# Best deal on subwoofer cable?



## nordr (May 6, 2009)

Per REW it appears I need to do some experimenting with my sub placement. Unfortunately that requires I have more wiring to work with. I have been hearing about how blue jeans cable is cheap and they way to go. I went to their site and it turns out that a 20ft LFE cable from them is more expensive than from monster!! I didn't know anything could be more of a rip off than monster. Anyone have some suggestions?


----------



## salvasol (Oct 31, 2006)

*Re: Best deal on LFE cable?*



nordr said:


> Anyone have some suggestions?


Try this place ....www.ramelectronics.net :yes:


----------



## nordr (May 6, 2009)

*Re: Best deal on LFE cable?*

Thanks. This site has great prices. But the 8.15 for ground shipping negates the price savings.

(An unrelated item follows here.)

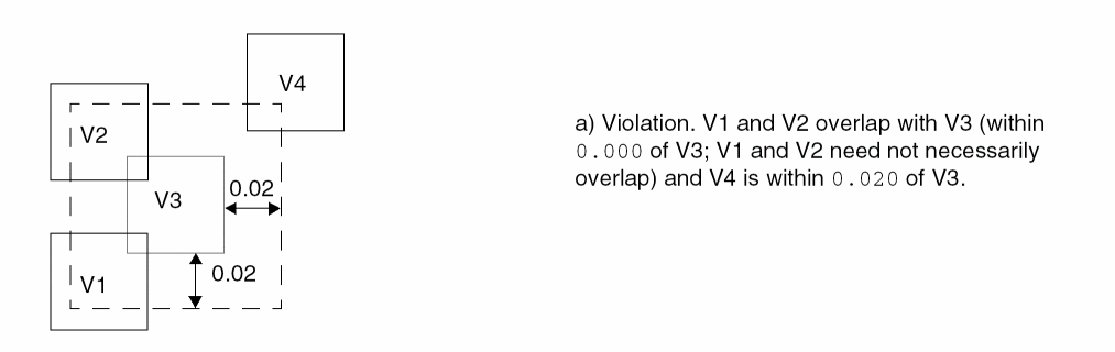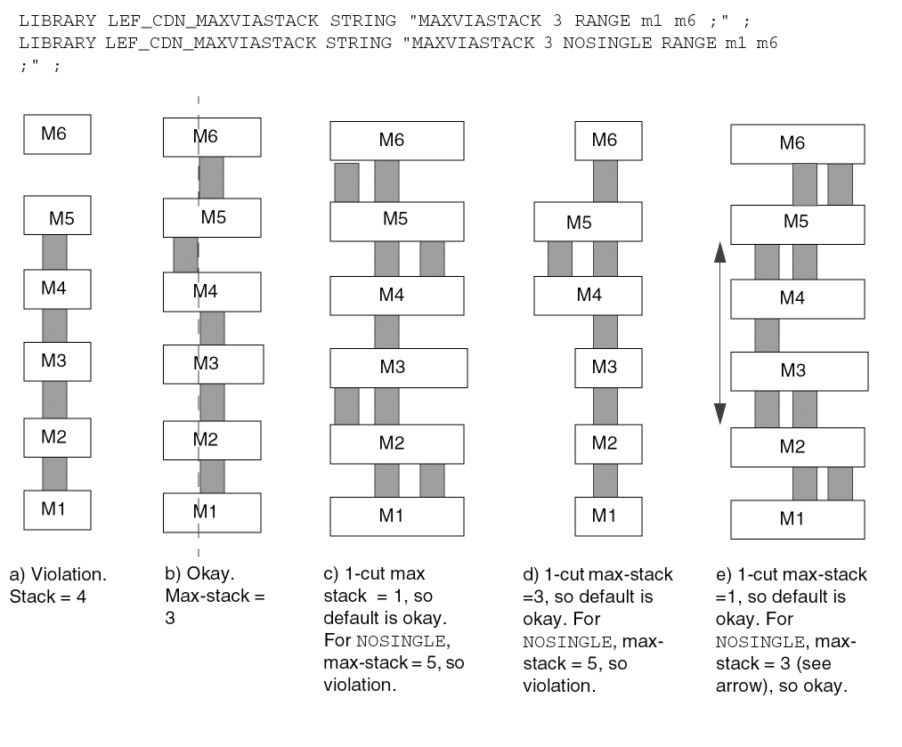 VIARULE GENERATE is center-to-center spacing, whereas the spacing in ADJACENTCUTS is edge-to-edge. Defines a formula for generating the appropriate via.

Seems like I am going to be paying at least $30 for a 20ft cable.


----------



## chas (Jan 28, 2007)

*Re: Best deal on LFE cable?*

Try this:
http://www.tartancable.com/subwoofer-cables/index.htm

(a division of Blue Jeans Cable)


----------



## nordr (May 6, 2009)

*Re: Best deal on LFE cable?*

25ft cable for 6.00!! Awesome, thanks so much.


----------